A processor like this needs a lot of memory bandwidth to keep it fed, and this is where “The Memory Wall” can do its most damage. The Memory Wall is a term used to describe the fact that memory is generally incapable of supporting a processor at its highest speed, and thus limits its performance. The Knights Landing approaches this problem by using the HMC’s very high bandwidth, and by running eight HMCs, each with its own processor-memory bus, in parallel on the Knights Landing module.
As a refresher, an HMC is a stack of DRAM chips all interconnected through thousands of through-silicon vias (TSVs) to an underlying interface chip built using a logic process. Logic is far more efficient at driving I/O signals than a DRAM process is, and it runs faster. Micron tells us that one HMC provides 15 times the bandwidth of a DDR3 module using 70% less energy while fitting into a smaller footprint.
Why is this important? Intel asserts that there’s a waterfall from today’s supercomputers to the single-socket processor of the future. According to Intel, today’s leading edge technology will become a single-socket solution in about 15-17 years. Intel is using this new processor to work out the architecture of systems in 2030.

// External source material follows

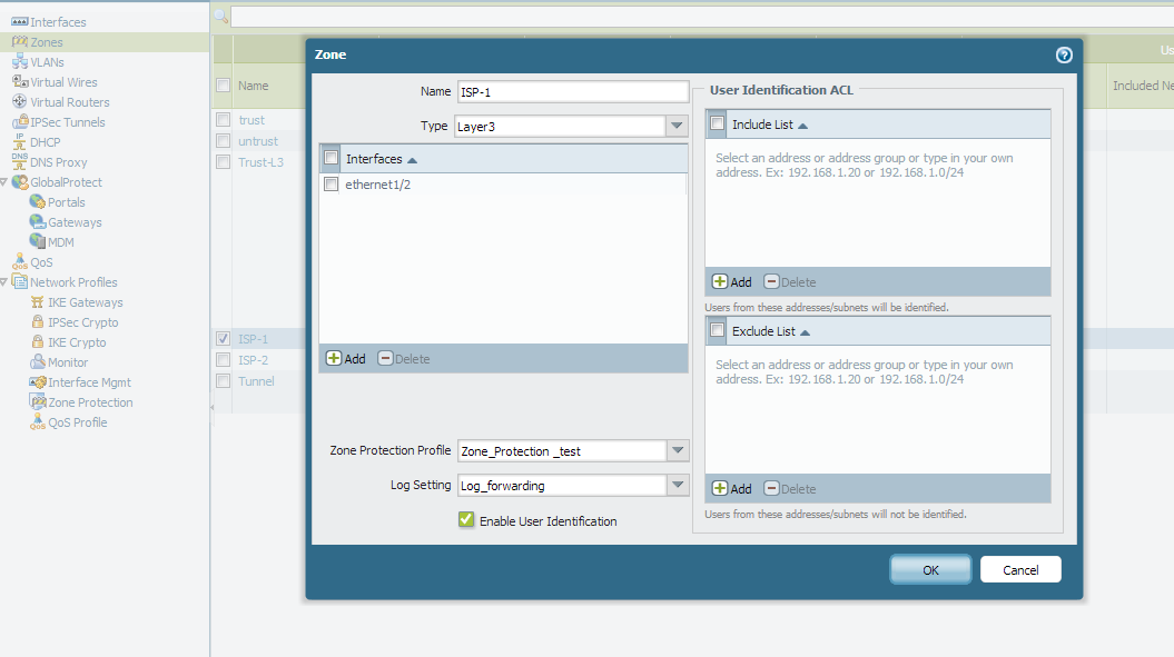 このシナリオでは、ゾーンが追加され、パケットベースの攻撃保護を備えたゾーン保護プロファイルが作成されました。

From Micron’s perspective this will provide a big boost to HMC consumption. Intel has announced the first Knights Landing design win, the Cori system designed by the National Energy Research Scientific Computing Center (NERSC). NERSC, Intel, and Cray formed a partnership to design this new supercomputer to accelerate “extreme-scale” scientific discovery. The system was named “Cori” in honor of bio-chemist Gerty Cori, the first female US citizen to receive a Nobel Prize in science. Cori will use over 9,300 Knights Landing nodes each of which (to my understanding) will sport eight HMCs, with each HMC built using four DRAM chips and one logic chip, totaling about 300,000 DRAM chips, not including spares – pretty good for a single system.
Intel calls Cori: “The first of many” Knights Landing supercomputers implying that we will hear several more announcements based on this new rendition of Xeon Phi. I am sure that Micron hopes this will come true.